Fourier Versus Odyssey Outcomes trials: Baseline Lipid-Lowering Therapy and Management of LDL-C Levels
Considering the accumulated evidence from studies on statins, especially those with high-intensity regimens [1, 16, 17, 19], achieving further clinical benefit on top of this standard of care might appear challenging. Both study protocols strived to identify patients who were optimally treated before enrollment. The FOURIER trial required patients to be on moderate or high-intensity statin therapy, such as, for example, at least atorvastatin 20 mg daily or its equivalent, while the ODYSSEY OUTCOMES trial required patients to be on atorvastatin 40–80 mg or rosuvastatin 20–40 mg daily, or the maximum tolerated dose of one of these two agents. Therefore, the vast majority of patients were treated at baseline with high-intensity statins (70% in FOURIER and 92% in ODYSSEY OUTCOMES). Ezetimibe was used infrequently at baseline (3–5% of patients in both trials). Nonetheless, the median baseline LDL-C levels in both trials were similar (92 mg/dL in FOURIER and 87 mg/dL in ODYSSEY OUTCOMES; see Table 3).
In both trials, special care was undertaken regarding background lipid-lowering therapy and how lipid levels were monitored during the studies. Lipid levels were not disclosed to either the investigators or patients in order to avoid unblinding and minimize the introduction of bias and confounding. In both trials, changes in background lipid-lowering therapies were discouraged after randomization. Moreover, in the FOURIER trial there was an independent lipid monitoring committee whose role was to monitor the LDL-C separation between treatment groups (but not clinical events) over the course of the study. Their charge was to periodically review unblinded LDL-C data and to advise the Executive Committee and sponsor if trial assumptions were not being met globally or in certain subgroups. In the ODYSSEY OUTCOMES trial there was an independent and unblinded committee dedicated to monitor safety in patients with low LDL-C values (< 25 mg/dL) whose members reported individual and aggregate findings to the Data Safety Monitoring Board (DSMB). Due to previous concerns of a possible association of lipid lowering with hemorrhagic stroke [20] and given that the majority of patients would be expected to be on dual antiplatelet therapy in the ODYSSEY OUTCOMES trial (enrolling 1 year post-ACS population), LDL-C levels of < 15 mg/dL were considered to be undesirable due to a potential increased risk of intracranial hemorrhage. Thus, the protocol mandated permanent study drug discontinuation when LDL-C levels < 15 mg/dL were sustained while on the lower dose (see below).

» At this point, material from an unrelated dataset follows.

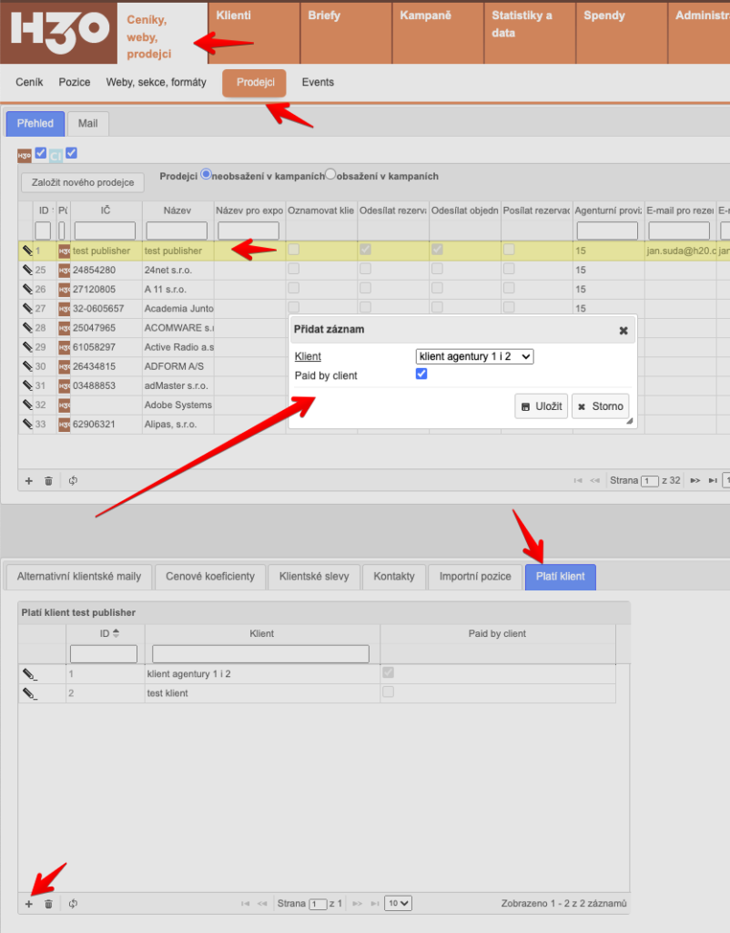 To, že si klient dodavatele (například Google), platí sám, si zaškrtnete v Ceníky, weby, prodejci / Prodejci. Vyberte dodavatele, v dolní souvztažné tabulce překlikněte na záložku Platí klient a pluskem v patičce tabulky můžete u tohoto dodavatele přidat záznam o klientovi, který si ho platí napřímo sám.

The major difference in lipid management between the studies was the titration of PCSK9 inhibitor therapy in the ODYSSEY OUTCOMES trial design. All patients assigned to the active alirocumab arm were started on alirocumab 75 mg Q2W, which is half of the maximally approved dose. If LDL-C levels at 1 month after randomization were > 50 mg/dL, study drug dose was increased to 150 mg Q2W in a blinded fashion. On the other hand, if LDL-C levels dropped to < 25 mg/dL, patients on the 150 mg dose had their dose blindly halved, while patients on 75 mg were maintained at this dose. However, if levels of < 15 mg/dL were determined in two consecutive measurements while on the 75 mg dose, then the patient was blindly switched to placebo. If patients had LDL-C values of between 15 and 25 mg/dL and had an adverse event that was considered to be causally related to the treatment by the study safety physician, then they were also blindly switched to placebo. During the trial, 2615 of the patients in the alirocumab arm (27.6%) had their therapies up-titrated to the 150 mg dose after initial assessment of LDL-C levels, whereas 730 (7.7%) patients were switched in a blinded fashion to placebo due to consecutive measured LDL-C levels of < 15 mg/day on the 75 mg dose.

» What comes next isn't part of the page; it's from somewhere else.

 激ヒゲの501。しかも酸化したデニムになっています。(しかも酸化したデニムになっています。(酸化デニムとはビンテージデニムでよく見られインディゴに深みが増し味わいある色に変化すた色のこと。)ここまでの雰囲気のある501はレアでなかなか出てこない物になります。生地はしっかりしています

Both trials achieved a > 50% reduction in LDL levels (see Table 3). Accordingly, achieved LDL-C levels were lower in the FOURIER trial than in the ODYSSEY OUTCOMES trial despite the baseline mean LDL-C levels being similar in both trials. In the FOURIER trial, mean differences in LDL-C levels between treatment arms at 12 and 24 months were 56 and 54 mg/dL, respectively; in the ODYSSEY OUTCOMES trial, mean differences at 12 and 24 months were 48 and 44 mg/dL, respectively. In addition to study drug discontinuation and blindly switching to placebo, down-titration of background statin therapy may have contributed to the increase in LDL-C over time and, even if more common in the alirocumab arm, may have contributed to a blunting of the difference between the two randomized groups in the ODYSSEY OUTCOMES trial (Fig. 1).
Comparison of the ODYSSEY and FOURIER trials in terms of lipid lowering. Mean low-density lipoprotein cholesterol (LDL-C) levels over time are presented for both trials (intention-to-treat analysis) according to treatment arms
Despite prior concerns regarding a possible association between high-intensity statin therapy, low achieved LDL-C, and hemorrhagic stroke [20], further data on this topic has been reassuring. In a pre-specified secondary analysis from the FOURIER trial, the 2669 patients who achieved LDL-C < 20 mg/dL had no major safety concerns (including no increase in risk of hemorrhagic stroke) [21]. In a similar analysis from the IMPROVE-IT (testing ezetimibe vs. placebo in addition to simvastatin) study, the 971 patients with achieved LDL-C of < 30 mg/dL at 1 month had no excess safety concerns, including hemorrhagic stroke, over a median follow-up of 6 years [22].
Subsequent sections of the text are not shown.